*Problem to solve:*
Without including any picture, transcribe the entries below word for word.

*Information:*
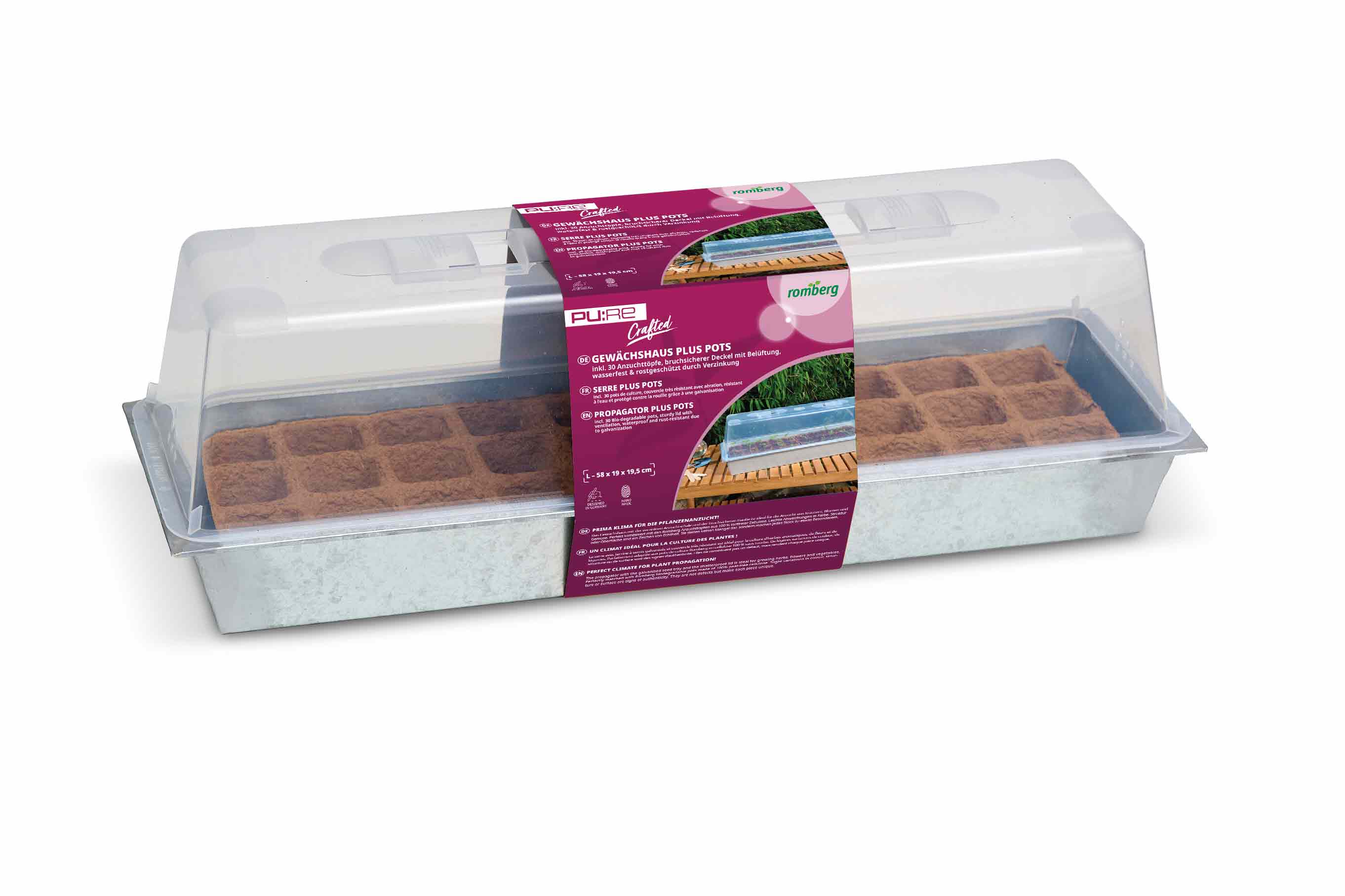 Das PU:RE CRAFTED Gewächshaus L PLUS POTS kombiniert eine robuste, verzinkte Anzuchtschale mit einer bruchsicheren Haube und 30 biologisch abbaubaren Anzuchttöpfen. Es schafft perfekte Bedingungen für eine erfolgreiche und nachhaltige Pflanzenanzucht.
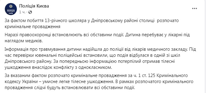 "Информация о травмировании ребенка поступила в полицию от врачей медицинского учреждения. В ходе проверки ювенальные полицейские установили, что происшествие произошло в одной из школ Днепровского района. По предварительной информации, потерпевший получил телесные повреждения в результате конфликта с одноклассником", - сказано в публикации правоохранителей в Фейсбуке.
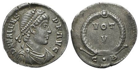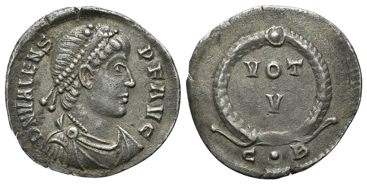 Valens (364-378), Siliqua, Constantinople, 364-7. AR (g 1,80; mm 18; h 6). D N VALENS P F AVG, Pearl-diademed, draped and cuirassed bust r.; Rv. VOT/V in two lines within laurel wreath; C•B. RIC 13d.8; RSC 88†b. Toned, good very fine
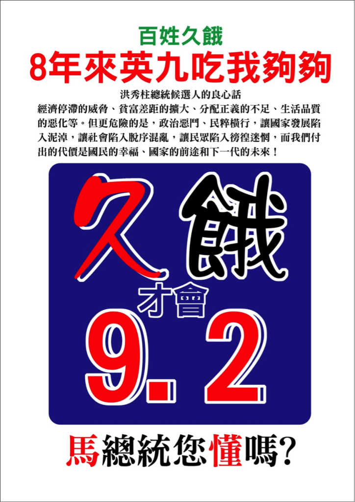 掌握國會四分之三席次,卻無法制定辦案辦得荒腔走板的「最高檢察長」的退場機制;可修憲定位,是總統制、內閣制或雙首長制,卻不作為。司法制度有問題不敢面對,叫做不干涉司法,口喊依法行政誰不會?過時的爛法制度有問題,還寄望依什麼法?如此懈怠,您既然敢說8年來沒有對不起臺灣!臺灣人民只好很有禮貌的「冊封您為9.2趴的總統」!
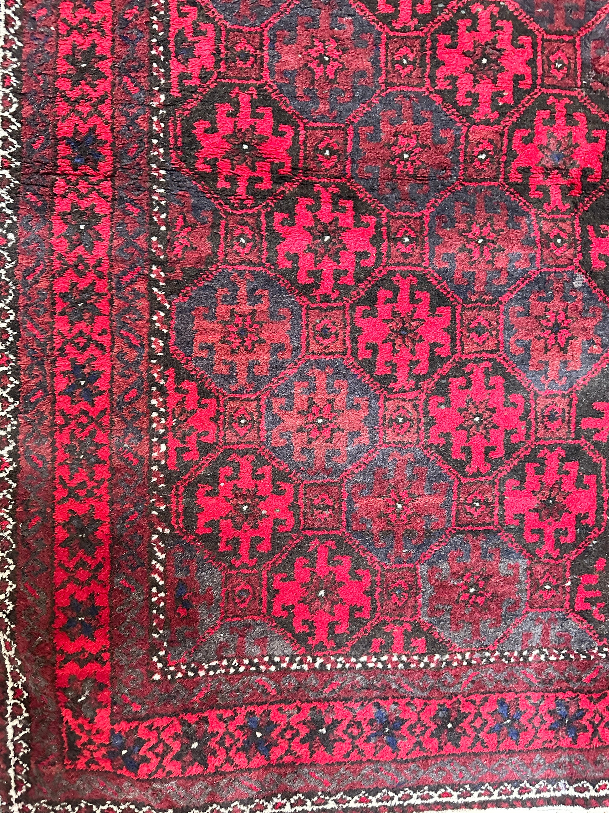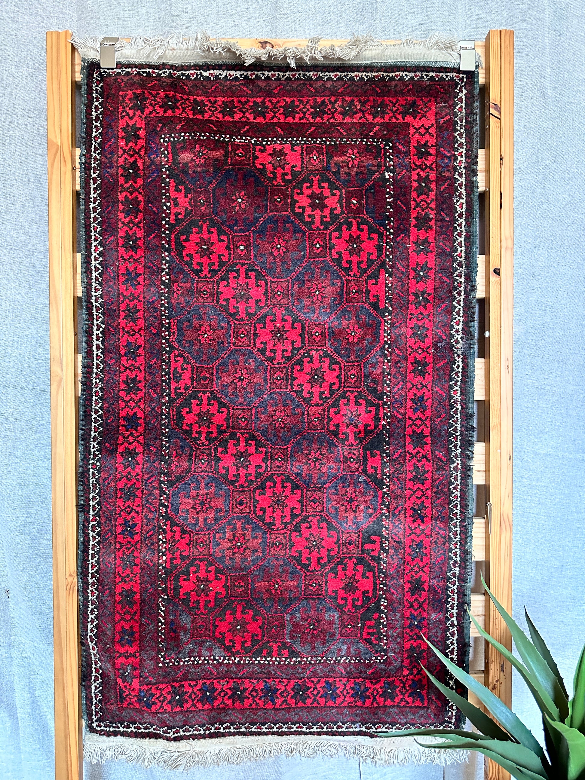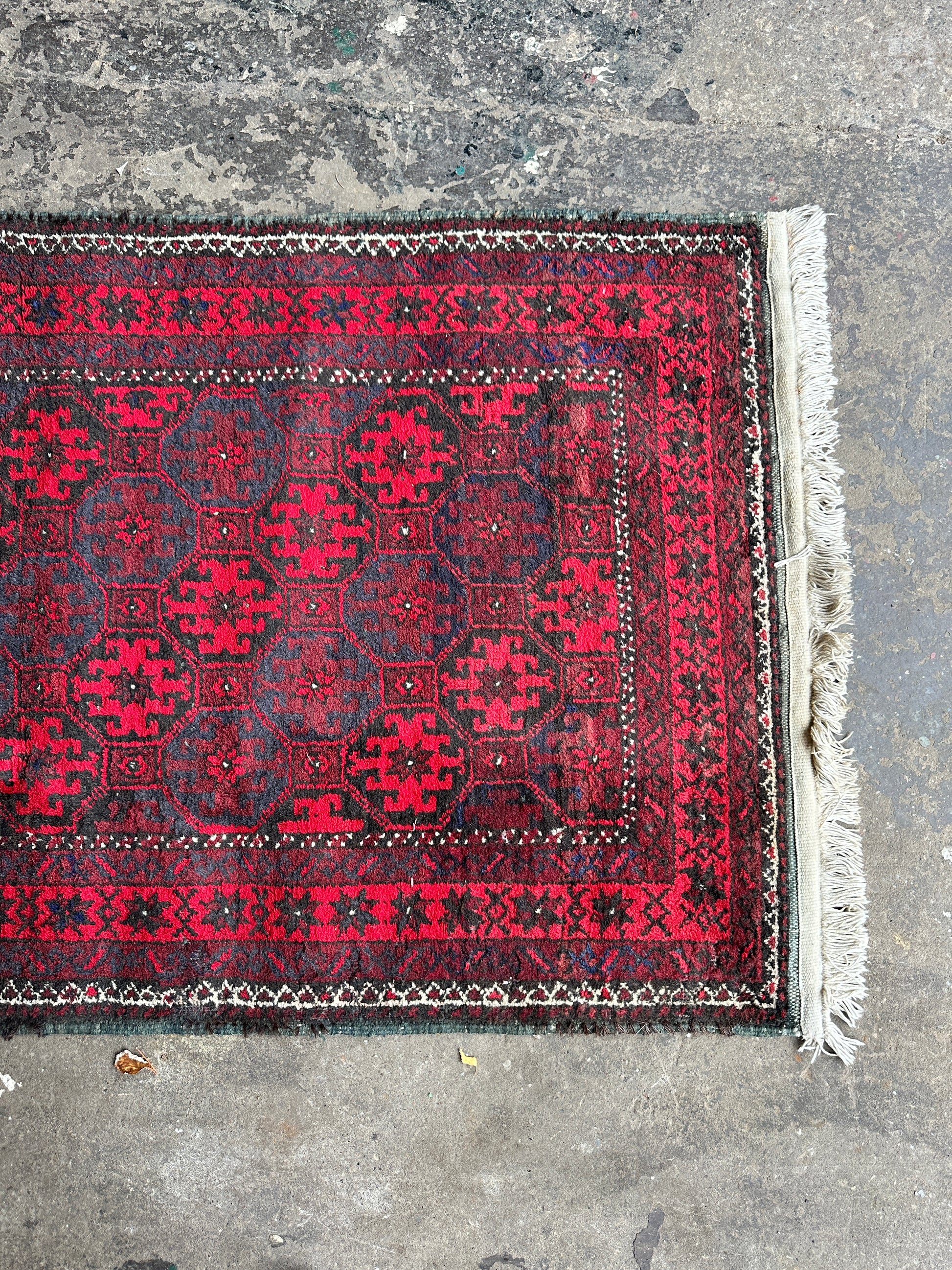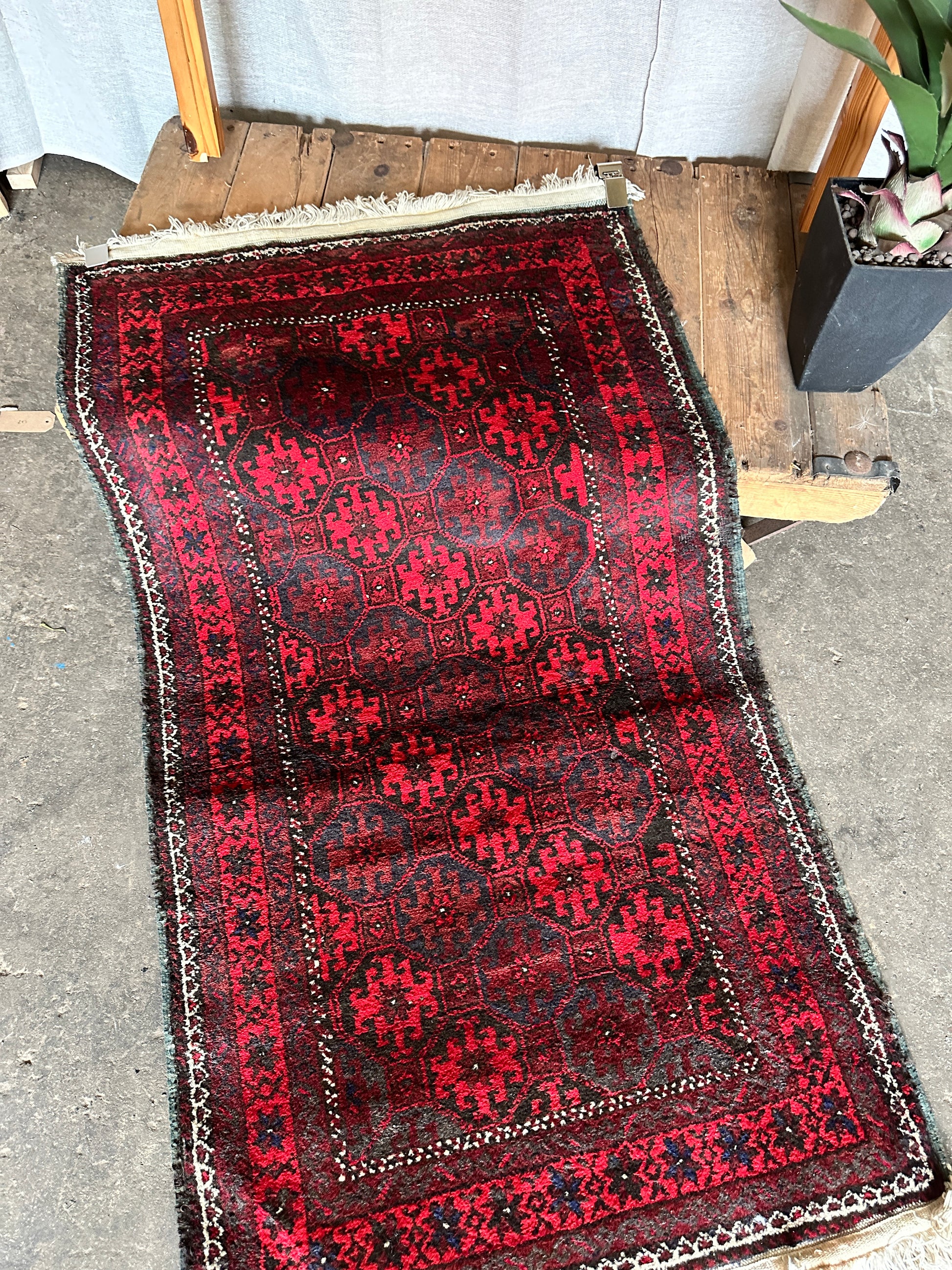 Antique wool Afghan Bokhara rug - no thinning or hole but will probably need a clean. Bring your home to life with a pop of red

*Result of this task:*
 Das PU:RE CRAFTED Gewächshaus L PLUS POTS kombiniert eine robuste, verzinkte Anzuchtschale mit einer bruchsicheren Haube und 30 biologisch abbaubaren Anzuchttöpfen. Es schafft perfekte Bedingungen für eine erfolgreiche und nachhaltige Pflanzenanzucht.
 "Информация о травмировании ребенка поступила в полицию от врачей медицинского учреждения. В ходе проверки ювенальные полицейские установили, что происшествие произошло в одной из школ Днепровского района. По предварительной информации, потерпевший получил телесные повреждения в результате конфликта с одноклассником", - сказано в публикации правоохранителей в Фейсбуке.
 Valens (364-378), Siliqua, Constantinople, 364-7. AR (g 1,80; mm 18; h 6). D N VALENS P F AVG, Pearl-diademed, draped and cuirassed bust r.; Rv. VOT/V in two lines within laurel wreath; C•B. RIC 13d.8; RSC 88†b. Toned, good very fine
 掌握國會四分之三席次,卻無法制定辦案辦得荒腔走板的「最高檢察長」的退場機制;可修憲定位,是總統制、內閣制或雙首長制,卻不作為。司法制度有問題不敢面對,叫做不干涉司法,口喊依法行政誰不會?過時的爛法制度有問題,還寄望依什麼法?如此懈怠,您既然敢說8年來沒有對不起臺灣!臺灣人民只好很有禮貌的「冊封您為9.2趴的總統」!
 Antique wool Afghan Bokhara rug - no thinning or hole but will probably need a clean. Bring your home to life with a pop of red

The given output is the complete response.